Students in M. Christopher Brown's courses never know what to expect
from this dynamic teacher and scholar. He does not shy away from
topical, controversial issues and expects the same courageous
exploration from his students. The course he taught here for the
School of Education, "Legal Aspects in Higher Education," is a
required course designed to provide students with enough background
in law to cope with the legal issues that arise in most universities.
For that reason, although Brown considers himself a law scholar as
well as a scholar of higher education, he focused this course more
on the legal issues, and less upon the law itself. "This is a class
the students need; in it, I try to make them good consumers of law,
not scholars of it." He had his students analyze the effects of
certain legislation upon higher education in an effort to help them
understand the practice as well as the theory behind educational
lawmaking.
Brown brings this same focus upon the issues of law to his scholarly endeavors as well. His area of special focus is the historically black public college and university, a subject of much legislative interest of late, and one where letter and the spirit of the law are often in conflict.
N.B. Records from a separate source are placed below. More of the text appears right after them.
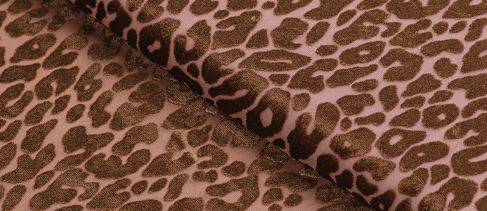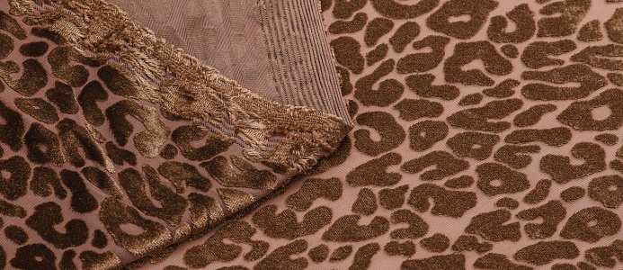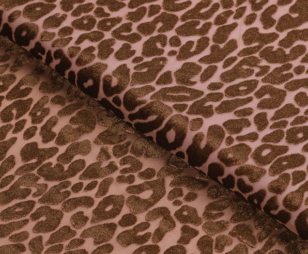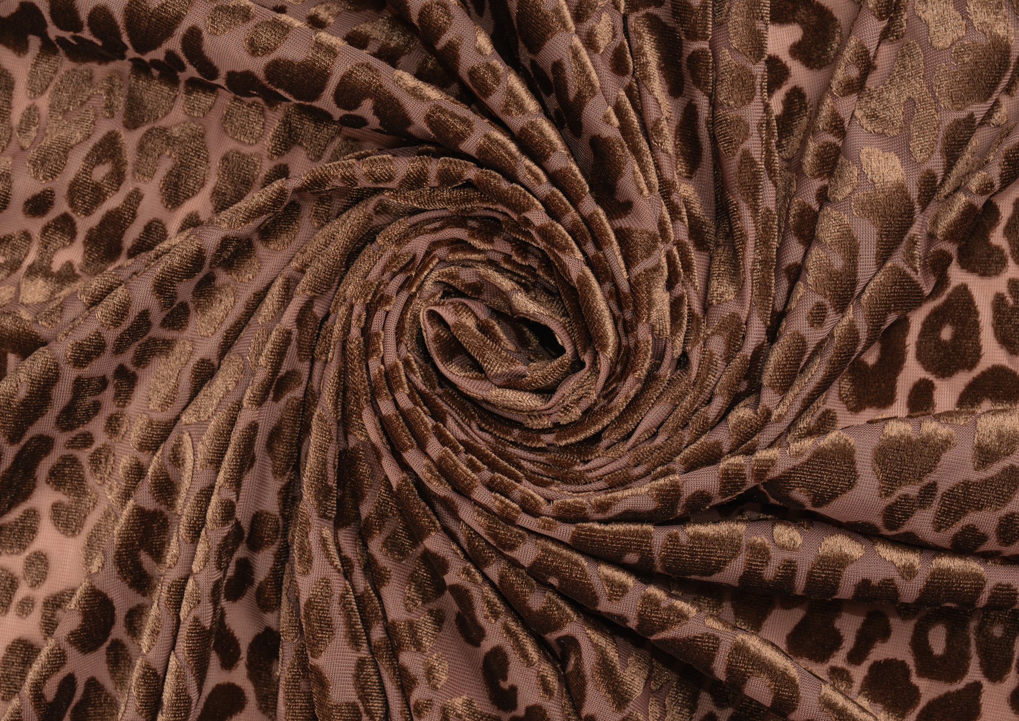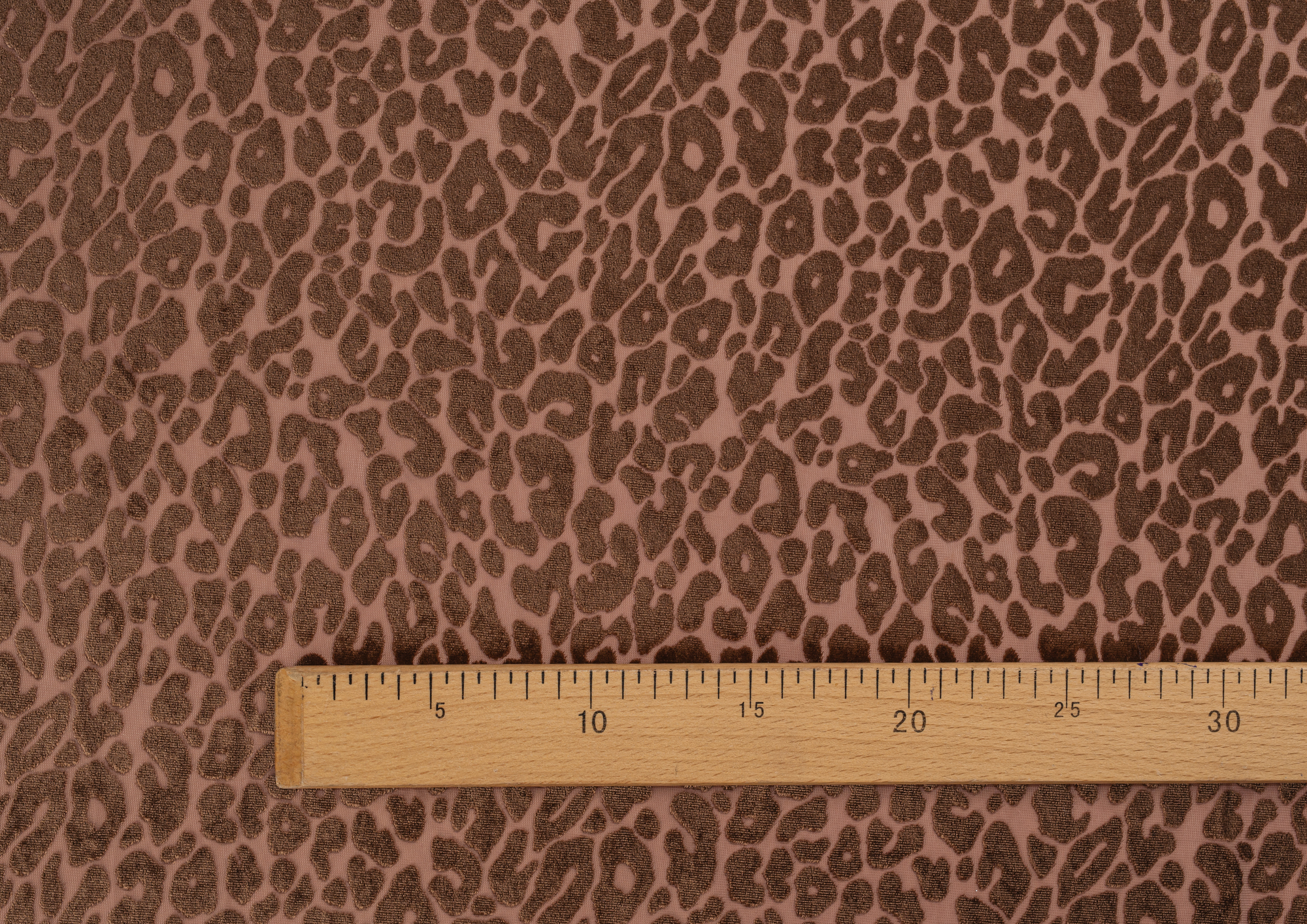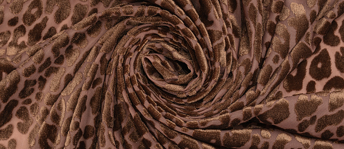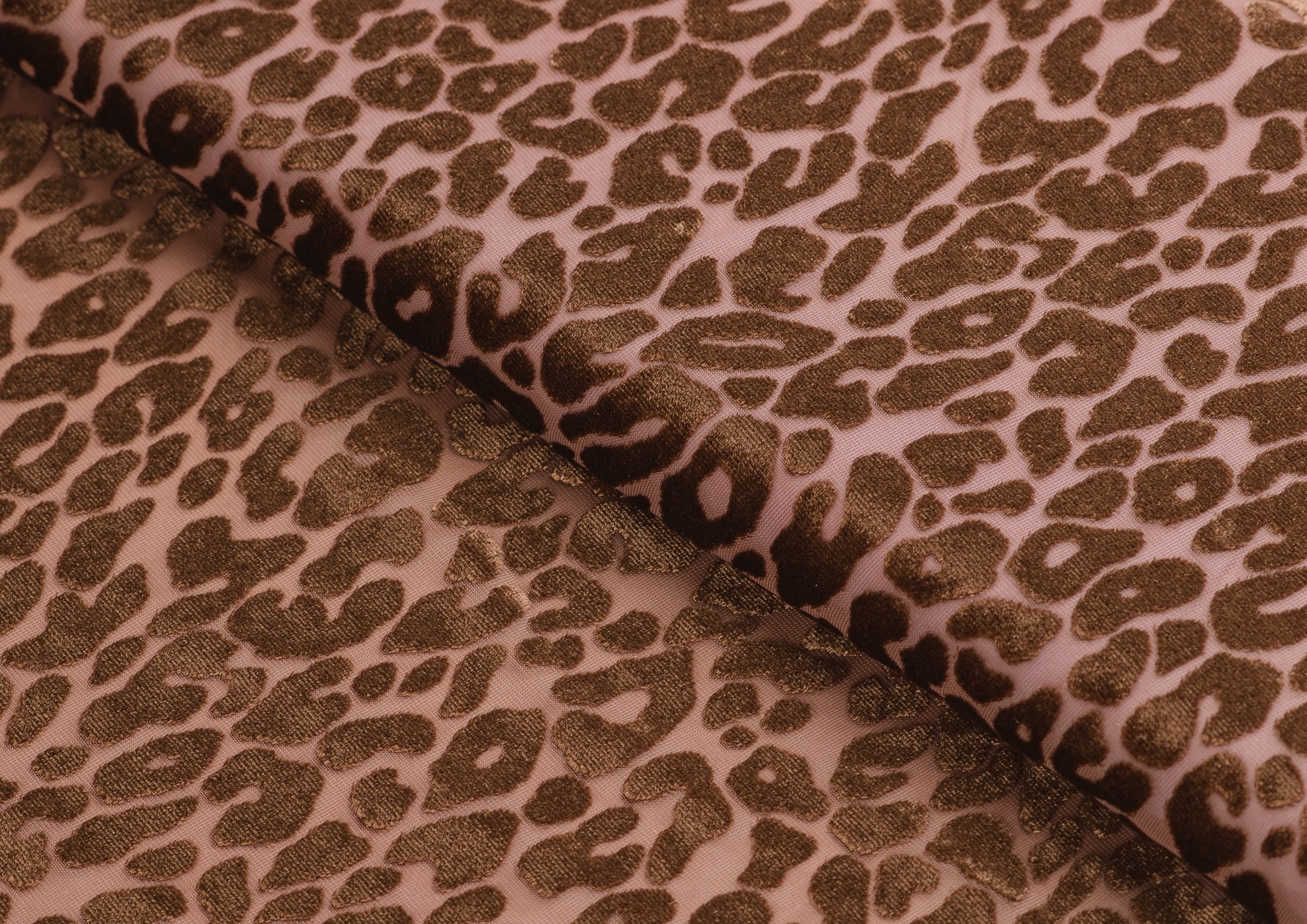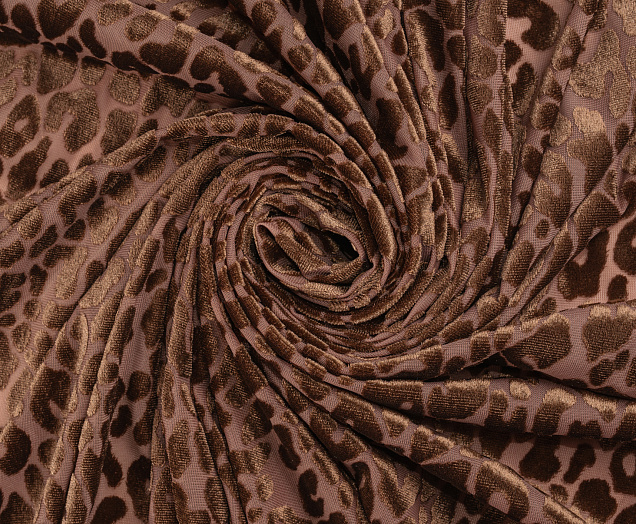 Ткань Пан бархат принт Коричневый леопард на бежевой сетке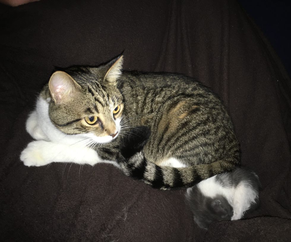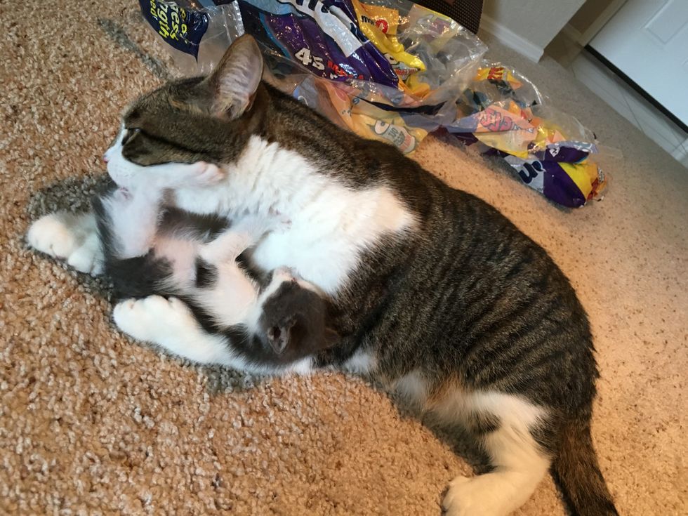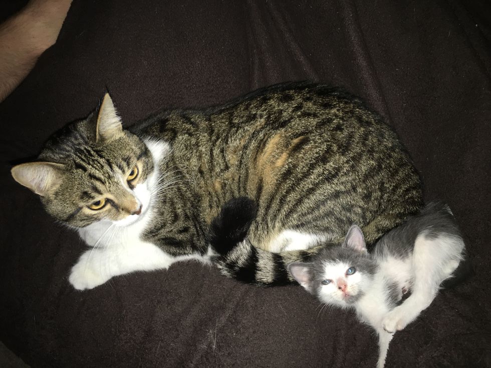 The little kitten who survived the storm, has found a forever home and a big brother to cuddle with every day.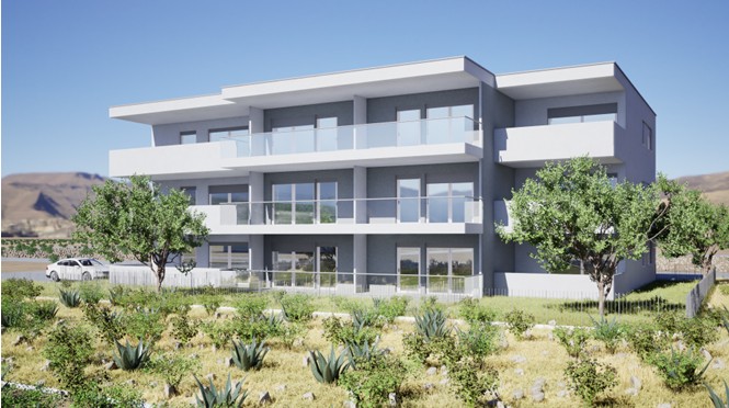 Pag – Povljana, Ein-Zimmer-Wohnung mit 36,65 m² im zweiten Stock eines Wohngebäudes mit insgesamt fünfzehn im Bau befindlichen Wohnungen zu verkaufen, geplanter Einzug Sommer 2026.
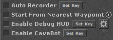 Auto Recorder: When enabled, the bot will automatically track and convert all your movements into waypoints. Configure the type of waypoints recorded via the CaveBot Settings - Auto Recorder section.
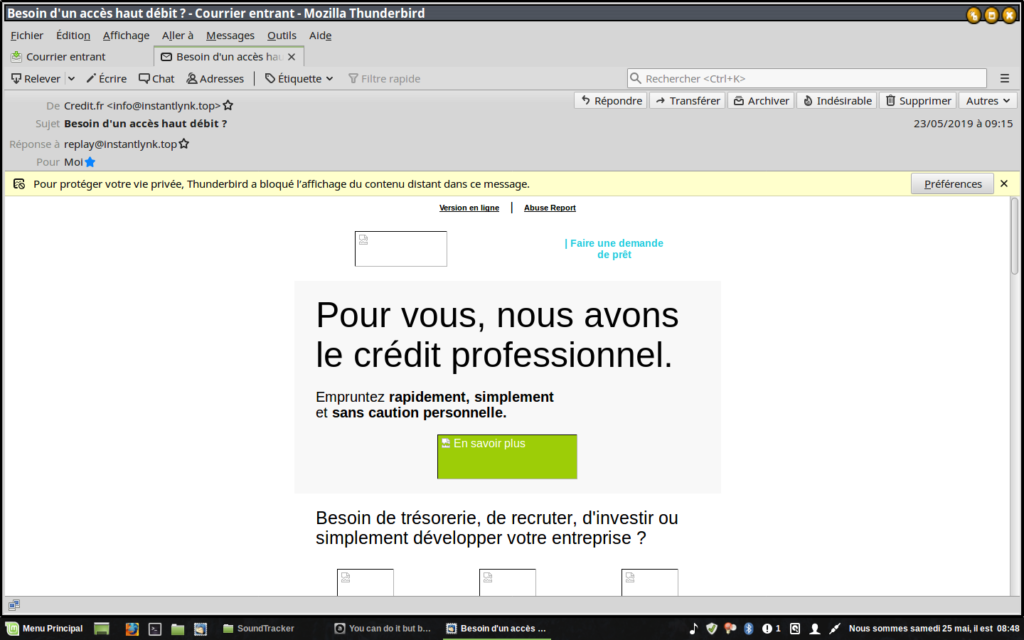 Un SPAM qui me propose un crédit pour augmenter mon débit ? #WTF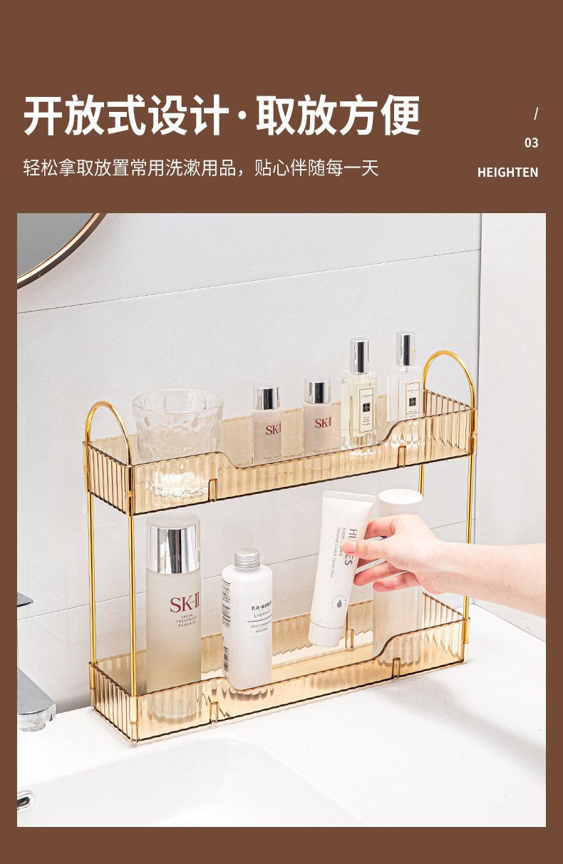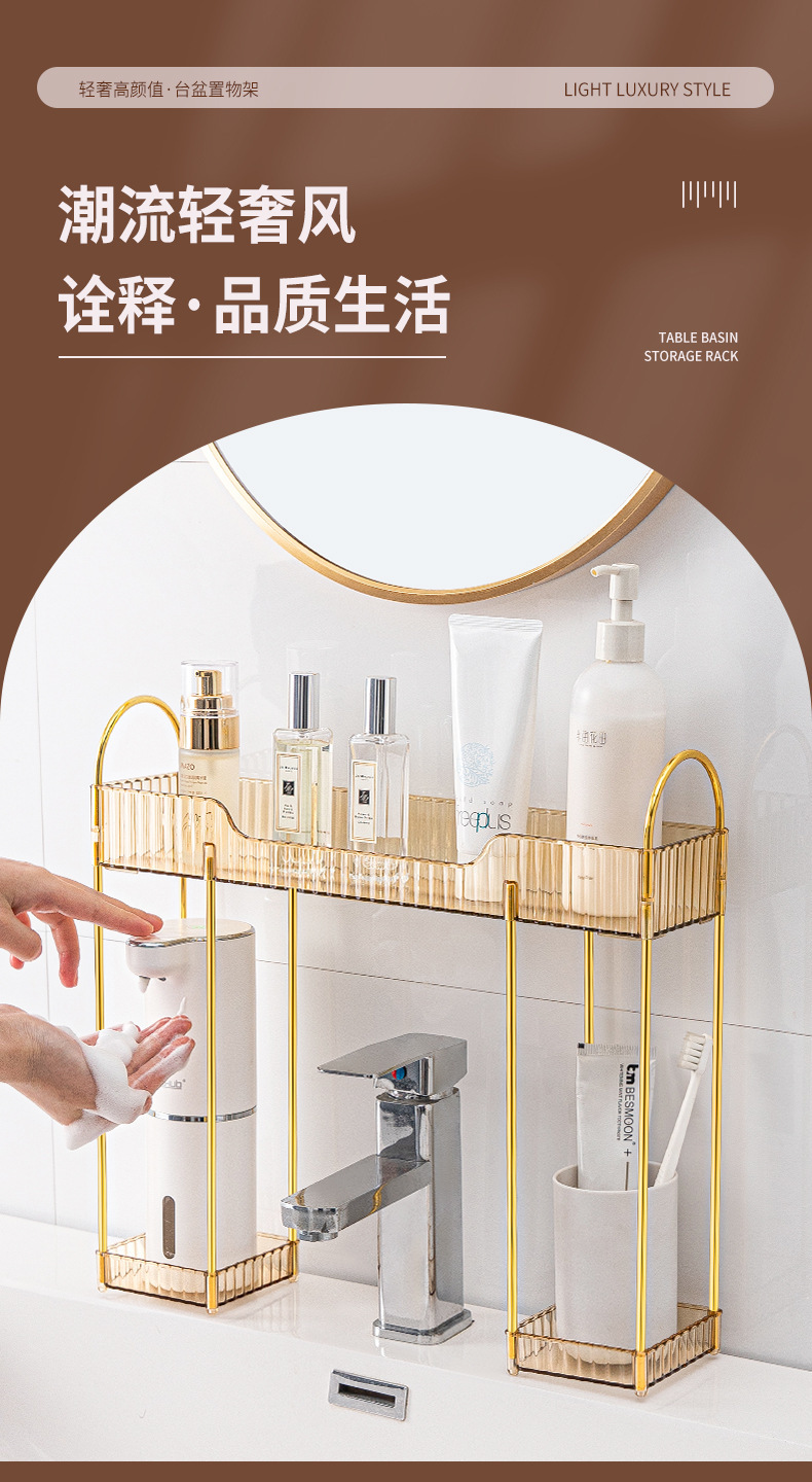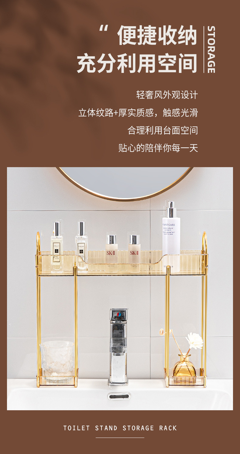 轻奢卫生间置物架浴室厕所洗手洗漱台面化妆品收纳盒桌面梳妆台架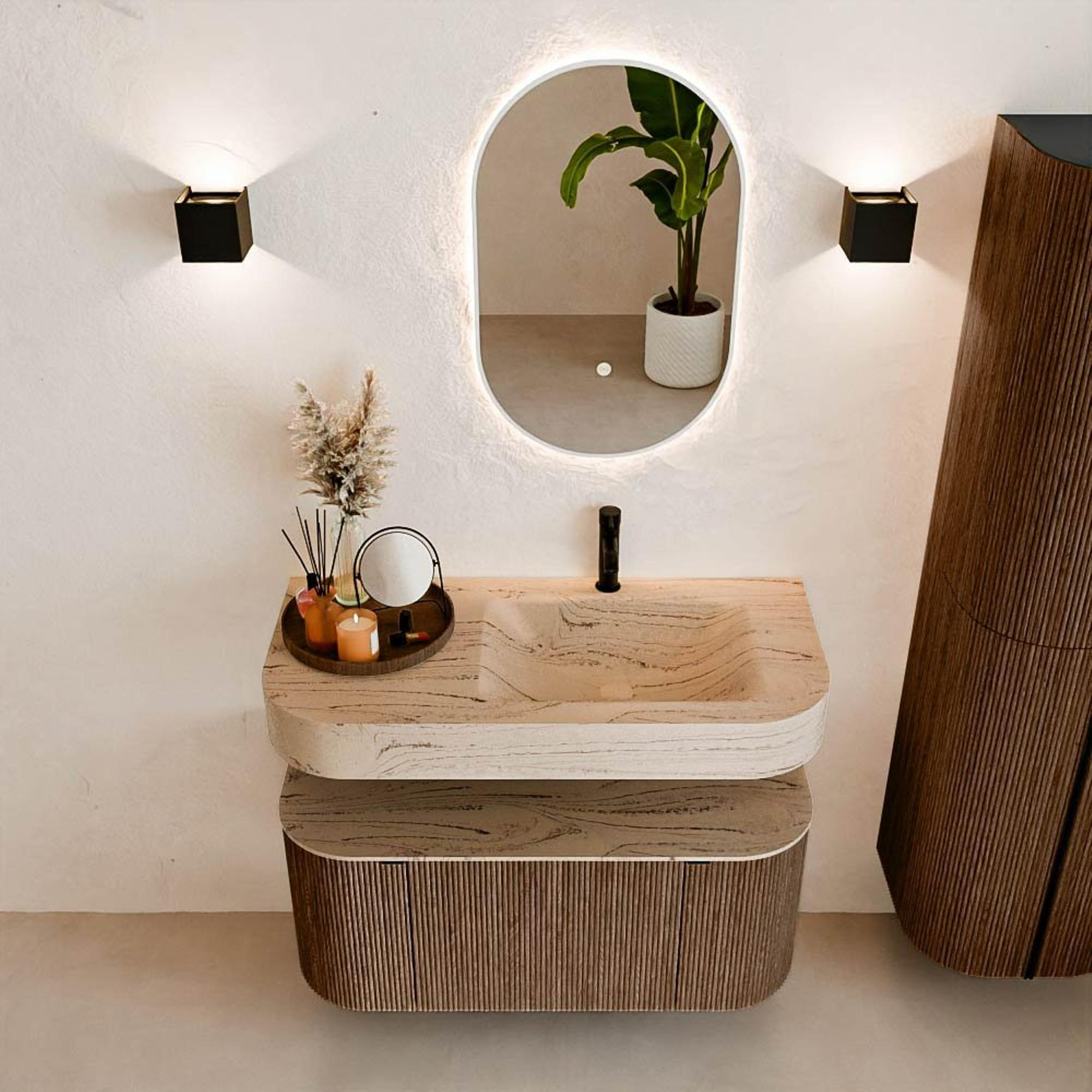 Matériaux naturels dans des tons chauds. Les rainures verticales apportent rythme et texture au design, tandis que le chêne confère une apparence chaleureuse et artisanale. Choisissez parmi 5 teintes de bois OAK, WALNUT, DUSK, SHADOW et RUBY, des couleurs de bois soigneusement sélectionnées pour enrichir les salles de bains modernes et classiques.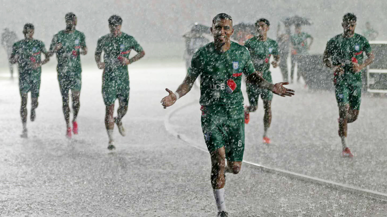 বিকেল ৪টার পর আকস্মিক বৃষ্টিতে বাংলাদেশ দলের স্টেডিয়ামে পৌঁছাতেও আধঘণ্টা দেরি হয়েছিল। এরপর জামাল-ফাহমিদুলরা মাঠে নামলেও বজ্রপাত ও তুমুল বৃষ্টিতে কিছুক্ষণ পর ড্রেসিংরুমে ফিরতে হয়েছে। বৃষ্টির সঙ্গে একটা সখ্যতা রয়েছে ফুটবলের। বিশেষ করে বাংলাদেশে তুমুল বৃষ্টিতে ফুটবল খেলা মজার হলেও বজ্রপাতের মধ্যে জাতীয় দলের অনুশীলন ঝুঁকিপূর্ণ। এজন্য বাংলাদেশ দলের স্প্যানিশ কোচ হ্যাভিয়ের ক্যাবরেরা বজ্রপাতের শুরুর দিকেই অনুশীলন থামিয়েছেন।

As Brown says, "The law informs policy, but politics implements policy." His forthcoming book, a development of his dissertation entitled The Quest to Define Collegiate Desegregation, focuses upon this question of how law becomes policy. Through this study and others he is currently constructing (including an edited volume of different scholars' viewpoints called Black Colleges at the Millennium), Brown hopes to illuminate the ways to determine a linear progression from legal educational objective to practical policy. Such a study requires a comparison of different universities' policies of desegregation and the laws that regulate those practices.
In addition to these extensive teaching and research responsibilities, Brown has been in the process of moving from his visiting position at the University of Missouri at Kansas City to a permanent one at the University of Illinois. Thus, although his stay here in Bloomington has been hectic, he has found the experience highly productive and stimulating as well, and Indiana and the School of Education are grateful for his contribution to the Minority Faculty Fellowship Program.